Freezer drawers are another “didn’t know I needed this” experience. Instead of digging through a single cavern,
you can sort: breakfasts up top, proteins in the middle, and frozen vegetables or comfort food in the bottom.
The fast-freezing function is handy when you come home with a haul and want to stabilize temperatures quickly.
It’s not a restaurant blast chiller, but it’s a real quality-of-life feature for modern home cooking.
Noise is usually a pleasant surprise. In open-plan homes, the fridge doesn’t constantly announce itself.

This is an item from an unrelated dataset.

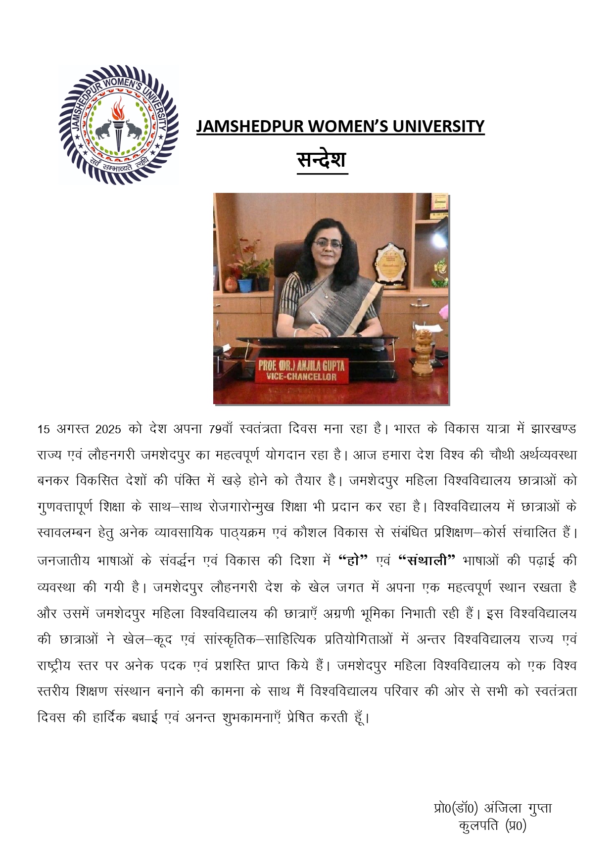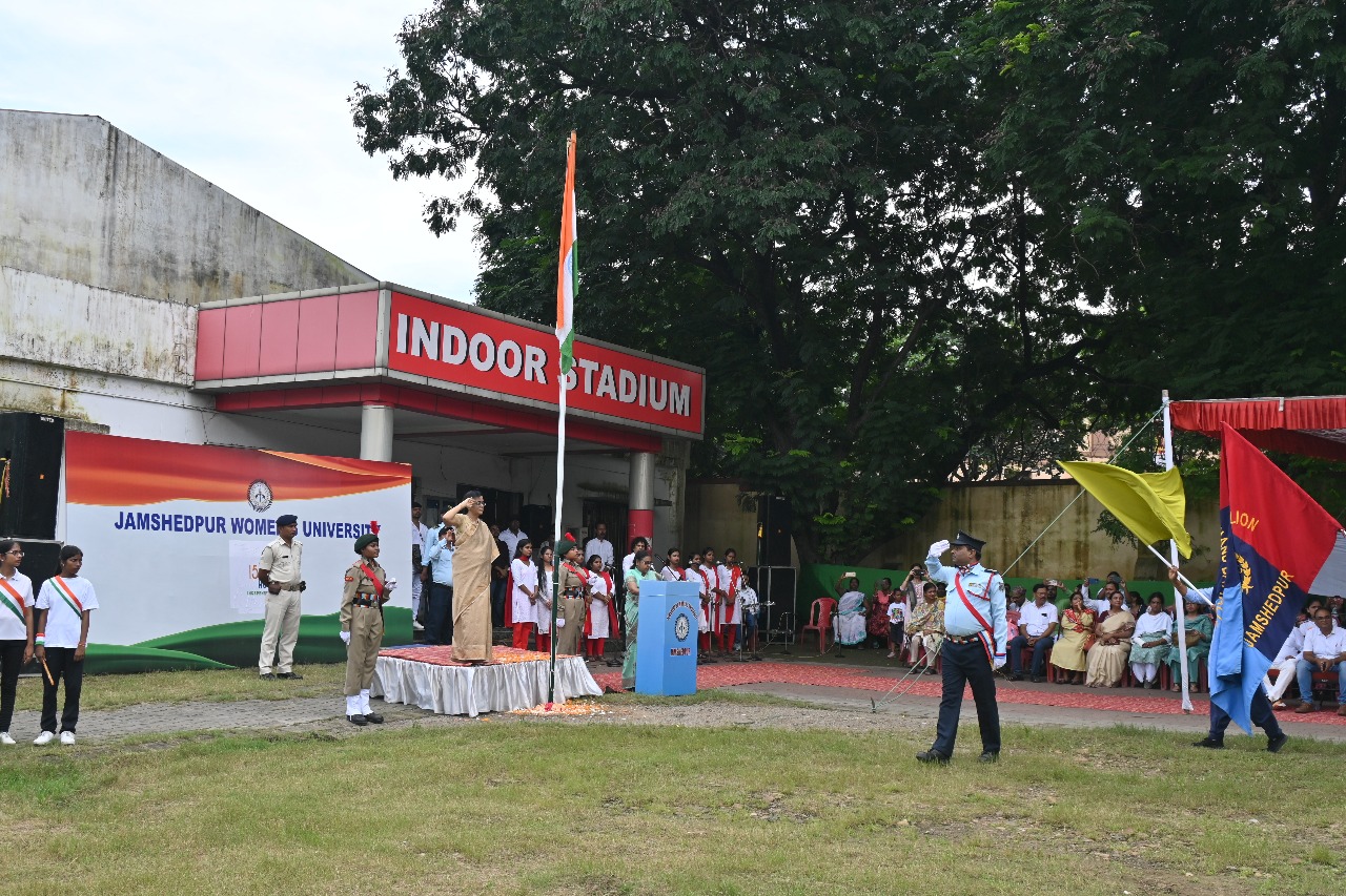 जमशेदपुर वीमेन्स यूनिवर्सिटी बिष्टुपुर प्रांगण और सिदगोड़ा कैम्पस में माननीय कुलपति प्रो० डॉ अंजिला गुप्ता के द्वारा झंडोत्तोलन किया गया । इस अवसर पर माननीय कुलपति महोदया ने स्वतंत्रता दिवस की शुभकामनाएँ देते हुए कहा कि देश को आजादी दिलाने में कई महापुरुषों का योगदान है। कई तरह के आन्दोलनों एवं लम्बे संघर्ष के बाद हमारा देश आजाद हुआ।1857 में सैनिकों ने विद्रोह किया था लेकिन इससे पहले जनजातीय विद्रोह झारखण्ड तथा भारत के कई प्रांतो में हो चुके हैं। विश्वविद्यालय की उपलब्धियों के संदर्भ में कहा कि हमारे सभी सत्र समय पर हो रहे है। परीक्षाएं समय पर हो रही हैं। किसी भी संस्था के लिए एक बेहतर टीम चाहिए जो कि इस विश्वविद्यालय में है। NEP के कोर्स भी यहाँ सुनियोजित ढंग से चल रहे हैं।

You hear it when the kitchen is otherwise silentlike any refrigeratorbut it’s rarely the loudest character in the room.
(That honor generally belongs to a blender, an espresso grinder, or a group chat notification at full volume.)
There are also a few “grown-up” moments that come with the style. The glossy exterior may need a quick wipe more often,
especially if your kitchen is a social zone. And because this is a premium-priced refrigerator, you may feel extra motivated
to use the alarms and temperature controls properlybecause nothing says “adulting” like caring about fridge settings.
Over time, the experience becomes less about the novelty and more about the rhythm: a fridge that looks like a design piece,
stores food reliably, and rewards households who shop intentionally rather than impulsively.
Final Verdict
The Smeg FAB32UBL is for people who want a refrigerator that does its job and makes the kitchen feel more personal.
You’re getting No-Frost convenience, thoughtful airflow, a useful near-freezing drawer, and a quiet, efficient footprint
wrapped in a retro design that’s instantly recognizable. It’s not the best value if you measure everything by capacity-per-dollar,
but if you measure by “does my kitchen finally feel like me,” it’s hard not to smile every time you walk in.